Version-Release number of selected component (if applicable): build 2017-10-17.2


How reproducible:


Steps to Reproduce:
1. Deploy split stack with 1 compute, 1 controller
2. source overcloudrc
3. type openstack catalog list

Actual results:

[stack@undercloud-0 ~]$ openstack catalog list
Failed to discover available identity versions when contacting http://192.168.25.28:5000/v2.0. Attempting to parse version from URL.
Unable to establish connection to http://192.168.25.28:5000/v2.0/tokens: HTTPConnectionPool(host='192.168.25.28', port=5000): Max retries exceeded with url: /v2.0/tokens (Caused by NewConnectionError('<requests.packages.urllib3.connection.HTTPConnection object at 0x38e2890>: Failed to establish a new connection: [Errno 113] No route to host',))


Expected results:

get a catalog printer for the overcloud


Additional info:
overcloudrc specifies following line:

export OS_AUTH_URL=http://192.168.25.28:5000/v2.0

but overcloud controller has an ip of 192.168.25.25 and compute 192.168.25.23

Comment 2 James Slagle 2017-10-23 16:28:14 UTC
i see that on controller-0, the local docker daemon is not running:

Oct 23 14:53:52 controller-0.redhat.local os-collect-config[10452]: "2017-10-23 14:53:24,268 WARNING: 15741 -- retrying pulling image: 192.168.24.1:8787/rhosp12/openstack-memcached-docker:20171017.1",
Oct 23 14:53:52 controller-0.redhat.local os-collect-config[10452]: "2017-10-23 14:53:24,282 WARNING: 15740 -- docker pull failed: Cannot connect to the Docker daemon. Is the docker daemon running on this host?",

What is the expectation of the docker service prior to the deployment? Should it be running or not? We recommended to disable it first due to:

https://bugzilla.redhat.com/show_bug.cgi?id=1503021

Also note that the stack went to create_complete even though nothing got deployed on the overcloud. It seems paunch and/or heat-config-ansible is not properly signaling a failed deployment back to Heat (wrong exit code getting used somewhere probably). The deployment definitely should have been failed since nothing got deployed.

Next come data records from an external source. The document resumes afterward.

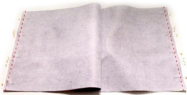
Step 4 & 5

The red dotted lines indicated the location of stitching in Step 5.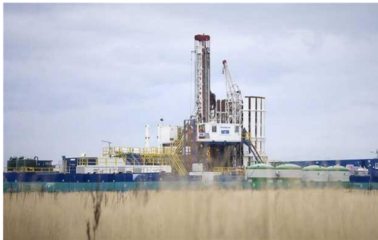
Fracking rig in Lancashire, 2011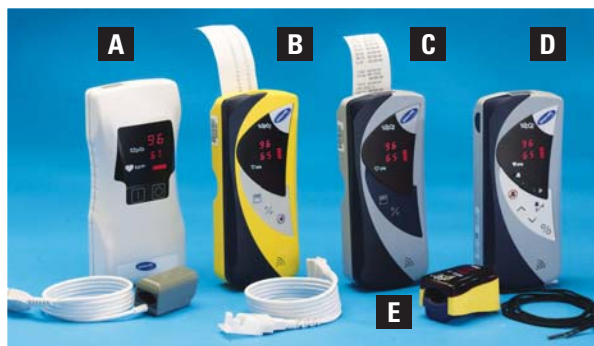
(A) IRC700 (B) IRC725 (C) IRC735 (D) IRC775 (E) IRC600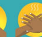
COVER ALL SURFACES UNTIL HANDS FEEL DRY

Comment 3 James Slagle 2017-10-23 16:29:12 UTC
> Also note that the stack went to create_complete even though nothing got
> deployed on the overcloud. It seems paunch and/or heat-config-ansible is not
> properly signaling a failed deployment back to Heat (wrong exit code getting
> used somewhere probably). The deployment definitely should have been failed
> since nothing got deployed.

Alex, can you file a new bug for this issue? I think it needs to be tracked separately. It's also for DFG:Containers.

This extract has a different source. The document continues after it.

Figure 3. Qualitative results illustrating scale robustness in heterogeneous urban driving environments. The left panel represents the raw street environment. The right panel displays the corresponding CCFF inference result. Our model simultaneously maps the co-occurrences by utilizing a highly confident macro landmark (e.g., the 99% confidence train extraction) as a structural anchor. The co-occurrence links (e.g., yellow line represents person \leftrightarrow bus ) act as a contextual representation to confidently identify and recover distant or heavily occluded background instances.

Comment 4 James Slagle 2017-10-23 16:30:59 UTC
(In reply to James Slagle from comment #2)
> i see that on controller-0, the local docker daemon is not running:
> 
> Oct 23 14:53:52 controller-0.redhat.local os-collect-config[10452]:
> "2017-10-23 14:53:24,268 WARNING: 15741 -- retrying pulling image:
> 192.168.24.1:8787/rhosp12/openstack-memcached-docker:20171017.1",
> Oct 23 14:53:52 controller-0.redhat.local os-collect-config[10452]:
> "2017-10-23 14:53:24,282 WARNING: 15740 -- docker pull failed: Cannot
> connect to the Docker daemon. Is the docker daemon running on this host?",
> 
> What is the expectation of the docker service prior to the deployment?
> Should it be running or not? We recommended to disable it first due to:
> 
> https://bugzilla.redhat.com/show_bug.cgi?id=1503021

Need input from DFG:Containers on what/how to bootstrap the docker service appropriately, taking into consideration this bug and bug 1503021

Comment 5 Gurenko Alex 2017-10-24 15:41:27 UTC
(In reply to James Slagle from comment #3)
> > Also note that the stack went to create_complete even though nothing got
> > deployed on the overcloud. It seems paunch and/or heat-config-ansible is not
> > properly signaling a failed deployment back to Heat (wrong exit code getting
> > used somewhere probably). The deployment definitely should have been failed
> > since nothing got deployed.
> 
> Alex, can you file a new bug for this issue? I think it needs to be tracked
> separately. It's also for DFG:Containers.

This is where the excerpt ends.